4.1  Overview

Spintronics emerged with the discovery of the giant magnetoresistance (GMR) of magnetic multilayers in 1980s [30, 31] which brought the Nobel prize to Fert and Grünberg in 2007 [24]. Spintronic devices exploit the electrons’ spin degree of freedom to provide novel functional properties. Spin dependent tunneling in magnetoresistive devices with a tunnel barrier junction structure shows a higher resistance as well as a higher resistance modulation compared to other magnetoresistive devices [32]. Therefore, magnetic tunnel junctions (MTJs) are very favorable for magnetoresistive random-access memory (MRAM) technology [22, 23]. Despite the advantages of CMOS compatibility, high speed, and unlimited endurance, the first generation of MTJs [41, 42, 43], which utilized Oersted fields for the magnetization switching, was unfavorable in terms of scalability and energy consumption. By using the spin-transfer torque [44, 45] switching technique [46, 47], the second generation of the MTJ (STT-MTJ) [48, ?, 49] eliminates the need for current lines adjacent to memory cells, which were required previously for generating a switching field. Thus, by using the same lines for reading and writing operations, the STT-MTJ is more scalable and allows for smaller switching energies [22, 23].

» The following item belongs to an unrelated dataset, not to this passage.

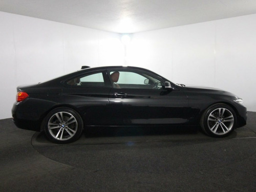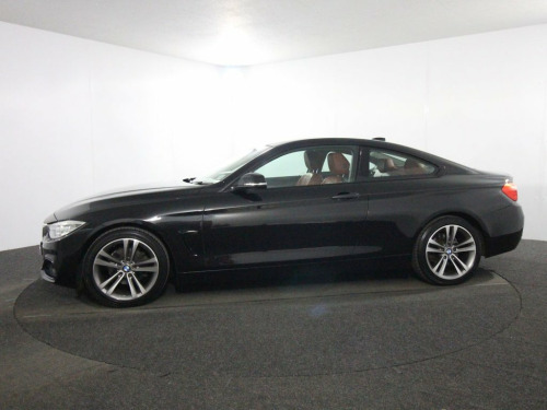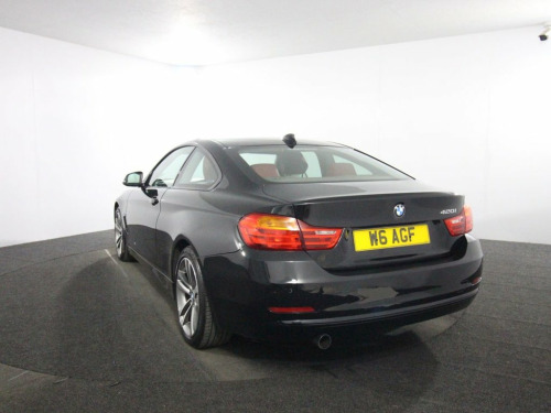 Service history with 3 services. Last serviced at 43632 miles. This 2014 BMW 4 Series 2.0 420i Sport Coupe delivers dynamic performance with its 184ps Euro 6 petrol engine paired with a manual gearbox and drive performance control modes including ECO PRO, Comfort, Sport, and Sport Plus. Premium 18-inch double spoke alloy wheels, Sport M-designated gearshift lever, and aluminium front suspension arms complement sporty handling and sharp styling. The striking Black Sapphire metallic paint (£645 option) enhances the coupe's athletic stance. Inside, the cabin impresses with Dakota leather in Coral Red/Black, a sport multi-function leather steering wheel, and front sport seats with manual height adjustment and heating for comfort. Technology highlights include an 8.8in iDrive controller with shortcut buttons, 6.5-inch colour display screen, Bluetooth with USB audio interface (£430 option), DAB digital radio, and park distance control (PDC) front and rear. Automatic xenon headlights with washers and rain sensor add convenience and safety. Further premium touches include dual-zone automatic climate control with air conditioning control panel in high gloss black, ambient lighting with switchable BMW Classic orange or white, a first aid kit, electronically controlled electric windows with fingertip operation, electrically heated and auto-dimming folding door mirrors (£300 option), and a non-smoker's package. Safety features are comprehensive with ABS, dyn 12V Power Socket in Front Centre Console, 18in Alloy Wheels - Double Spoke - 397, 6.5in Colour Display Screen, ABS - Anti Lock Braking System, Air Conditioning - Automatic - Dual Zone, Air Conditioning and Radio Control Panel, Air Microfilter, Airbags - Curtain, Airbags - Driver, Airbags - Front Side, Airbags - Passenger, Airbags - Passenger Deactivation, Alarm System Thatcham 1 with Remote Cont, Ambient Lighting - Switchable BMW Classi, Armrest - Front with Storage Compartment, Armrest - Rear Centre, ASC - Automatic Stability Control, Automatically Dimming Rear View Mirror, Auxiliary Input, Battery Safety Cut Off, Black Sapphire, Bluetooth Hands Free with USB Audio Inte, BMW Professional Ra

As one of the most promising non-volatile storage technologies, STT-MTJ is also attractive for non-volatile logic applications to overcome scaling obstacles of CMOS logic circuits like the leakage power issue [37, 51, 52, 53, 54, 55, 56, 57, 58, 59]. By using the STT-MTJ technology the effective area and interconnection delay can be reduced due to an easy three-dimensional integration of the MTJs on top of the CMOS layers (Fig. 4.1). However, in hybrid CMOS/MTJ logic circuits the MTJs are used only as ancillary devices, which store solely the computation results. Therefore, sensing amplifiers [168] are required to read the data at each logic stage and to provide the next stage with an appropriate voltage or current signal as input. This increases the device count, delay, and power consumption. In addition, the generalization to large-scale logic systems is problematic. The use of spintronic devices as the main computing elements (logic gates) in novel computational architectures is a promising solution to address the above-described issues. The focus of this chapter is stateful logic gates which employ spintronic devices as logic gates.


PIC

Figure 4.1.: Logic-in-memory architecture and the three-dimensional structure of the magnetic logic circuits.